Manufacturing has contributed so comprehensively to our quality of life that it’s almost impossible to pinpoint where the great leaps forward have occurred. Semiconductor manufacturing, for example, has followed Moore’s Law, doubling performance and halving costs every 18 months, and the trend is expected to continue. Biotechnology processes can now manipulate probabilistic yeast and other microorganisms to produce useful pharmaceuticals and vaccines. Nanotechnology promises to revolutionize the way that all goods are made in perhaps as few as 20 to 30 years.

As it has in the past, manufacturing in the future will require companies to produce consistently excellent outcomes for customers and society. Regardless of where they’re located, manufacturers will have to manage uncertainty with sophistication. Methods to manage production, quality, cost, cycle time, and safety have been critical in past decades, and they’ll continue to be so in the future. Manufacturing will be driven by the marketplace in ways that will test organizations’ abilities to produce at high volumes while keeping costs down and supply chains lean.

What are the next great leaps for manufacturing? Here are some scenarios to watch:

Volatility in the marketplace, caused by changes in customer demands, will test manufacturers’ abilities to respond. Companies will have to change work practices and keep pace with technology so that they can react quickly enough to remain profitable. Volatility will place continued cost pressure on operations to combat dwindling margins. As a result, successful organizations will have to grow revenue and shrink costs faster than their competitors.

Mass-producing “customized” products will become the norm as more consumers demand products that they feel meet their own needs and cultures.

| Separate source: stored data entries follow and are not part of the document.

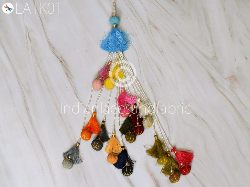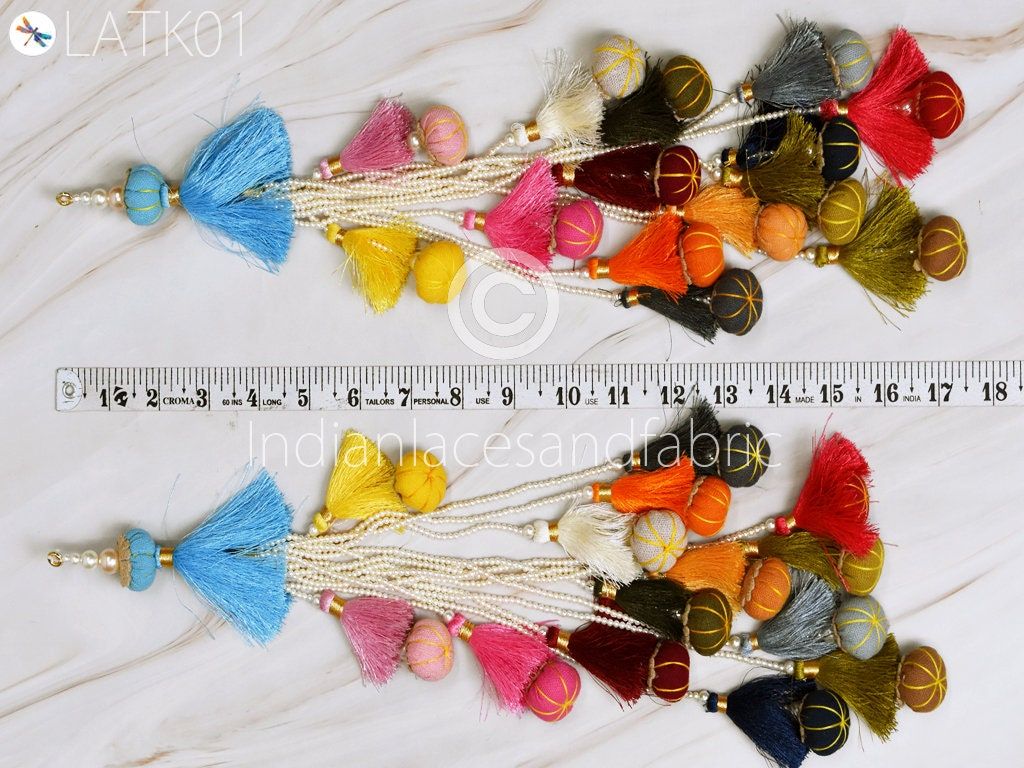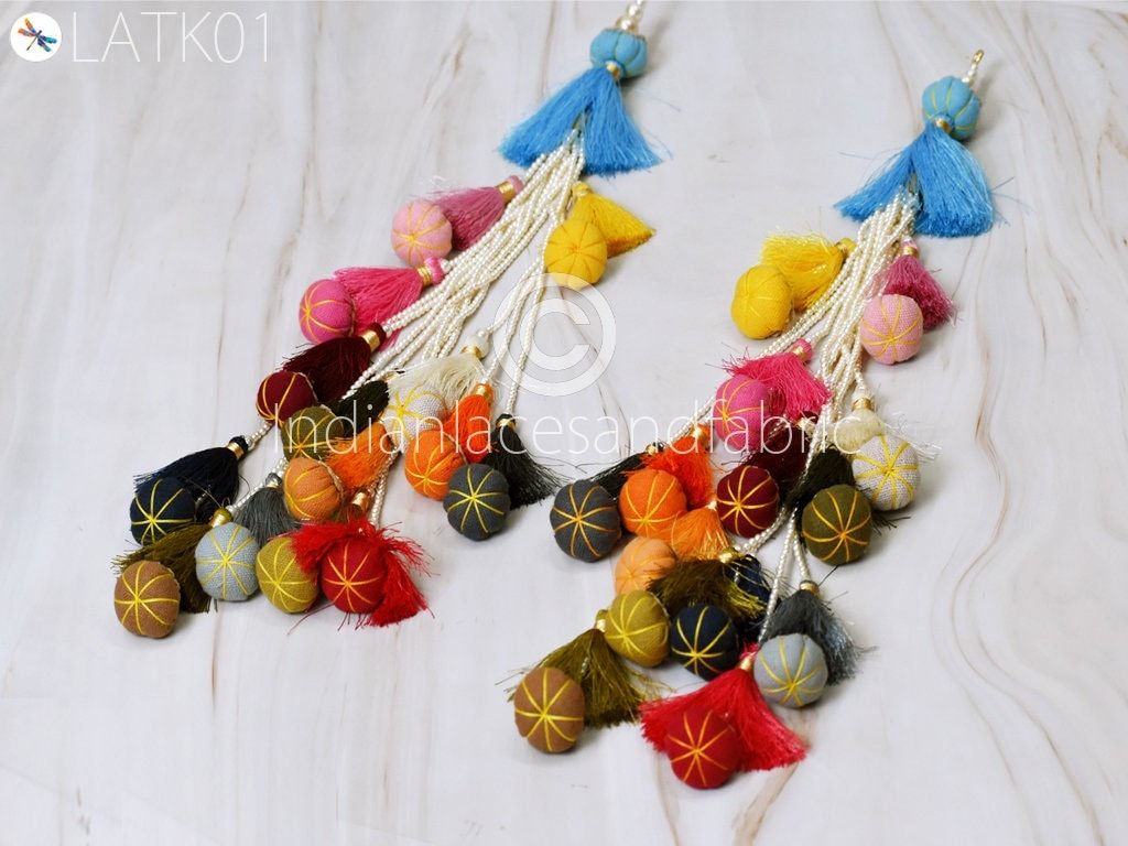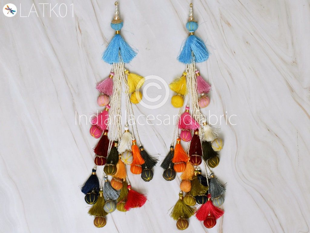 2 Pcs Handmade Beaded Viscose Tassel Latkan: Indian Embellishment Charms
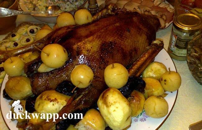 Рецепт гуся запеченного с яблоками — классический рецепт из русской кухни. Это блюдо прекрасно подходит к любому праздничному столу и может украсить собой новогодний праздник. Издавна запеченный гусь с антоновскими яблоками украшал собой праздничный русский стол. Ингредиенты: Сам гусь. Можно купить в магазине, но лучше приобрести из частных рук. Самые лучшие гуси те, которых забили после выпадения первого снега.
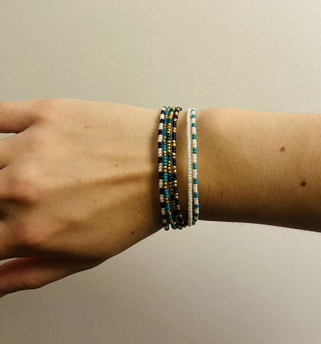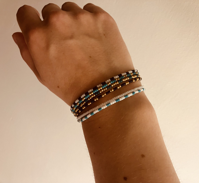 Handmade, these bracelets are meant to be collected ! Black, white, blue, gold, green : there is one bracelet for each one !
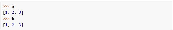 您将再次看到我们刚刚创建的新列表看起来与a和b指向的list对象相同:
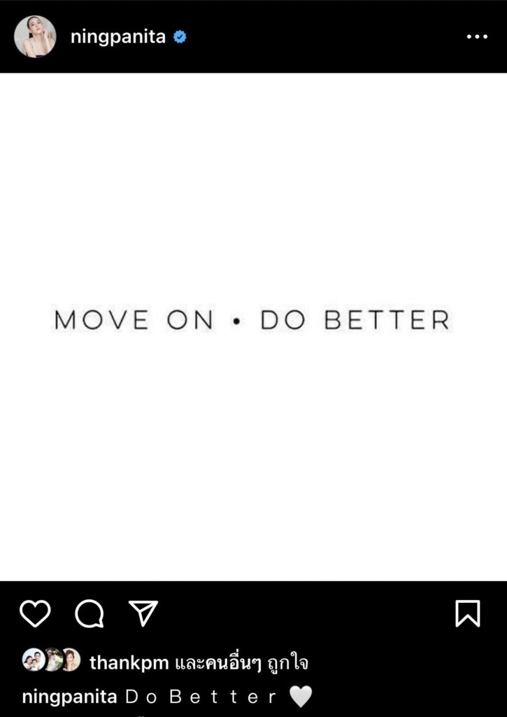 แต่ล่าสุดก็ดูเหมือนว่ามีบางอย่างที่ทำเอาชาวเน็ตาะดุด เมื่อเจ้าตัวโพสต์ข้อความระบุว่า “MOVE ON . DO BETTER” แปลว่า มูฟออน–ทำให้ดีขึ้น พร้อมเขียนแคปชั่นเพียงสั้นๆ ว่า “Do Better”
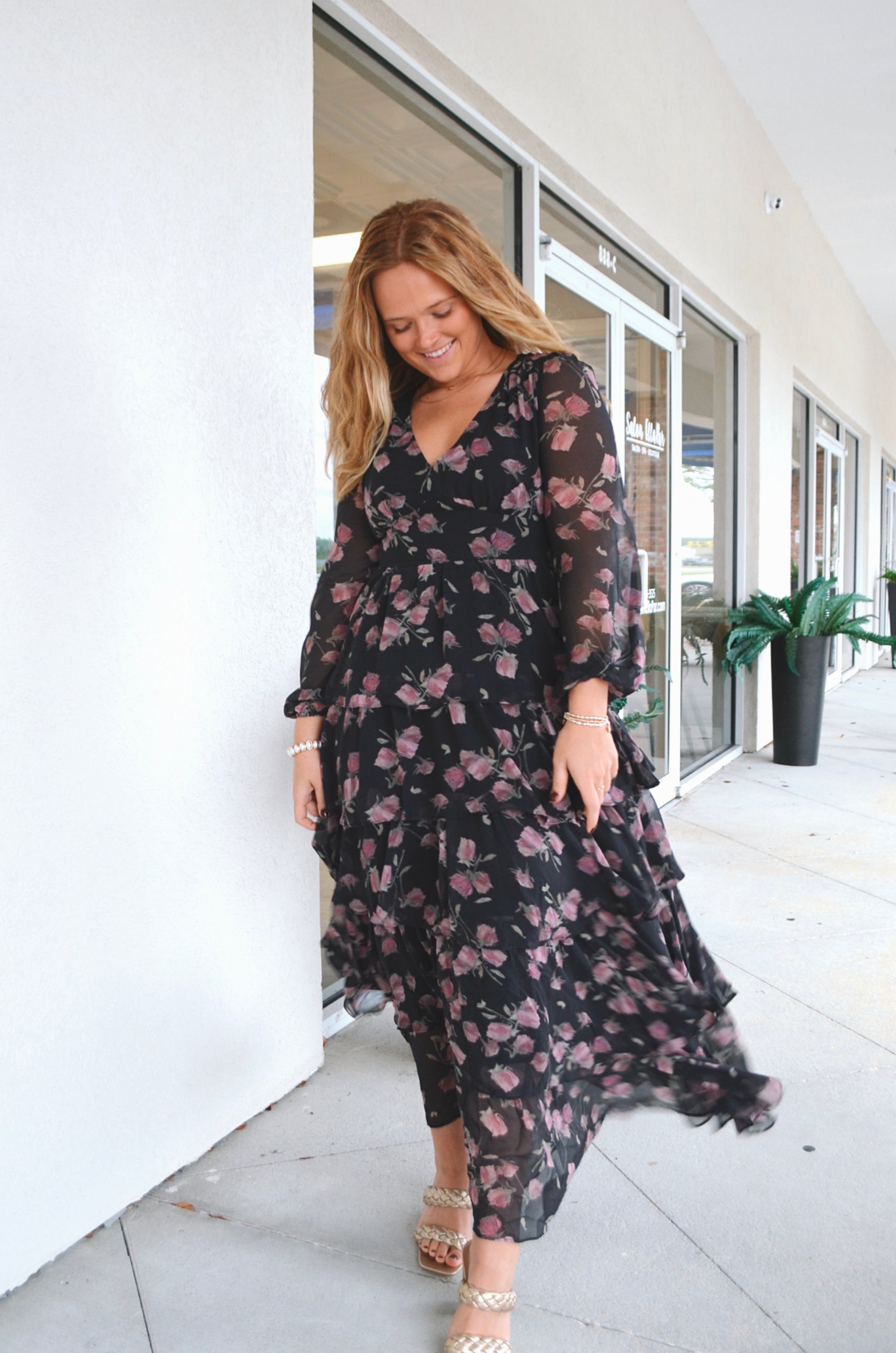 Romantic and feminine, fit and flare, maxi dress. This multi-tiered dress has a ruffled skirt and sleek bodice. Fitted v-neckline and structured bust create an expensive and luxurious appearance. The sleeves are made from a sheer and flowy material that is breathable. Features a side zipper under the arm for ease as well as an elastic waistband in the back.
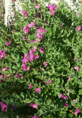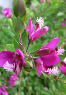 A small evergreen shrub for a sunny site in mild areas of the country. We have grown it for years by a south facing house wall in a miserable dry narrow "builders" border. It flowers nearly all year round. The pea shaped flowers are purple in terminal clusters.
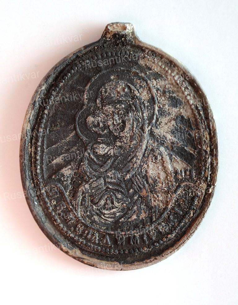 4-5. Нагрудная иконка «Богоматерь Владимирская - Тихон Калужский» до реставрации.
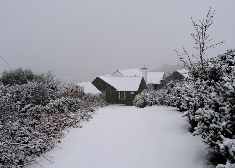 Ten years ago, the west of Ireland experienced an exceptional snowfall, and above is a photograph taken by our near neighbour, Julian van Hasselt, before we arrived. Mostly, our weather is relatively mild due to the effects of the gulf stream on the south-western coast. The castle can clearly be seen here, beyond the fields of Castle Farm. This view of our house (below) was also taken in 2010 by our neighbours Dietrich and Hildegard Eckardt:

Competition is driving prices down, and consumers, using the internet, have the means to locate the lowest prices. To compete, manufacturers must stay ahead of consumers’ needs by increasing product innovation and speeding up time-to-market.

The key to survival will be quick response to customers’ needs. Competition has always influenced how a manufacturer operates. Manufacturers that are quick to adapt will grow. Those that are slow will struggle and fail faster than ever before.

Product development will have to respond to customer demands for “my product now.” World-class competitors will speed up design cycles and production processes to get new products to market faster.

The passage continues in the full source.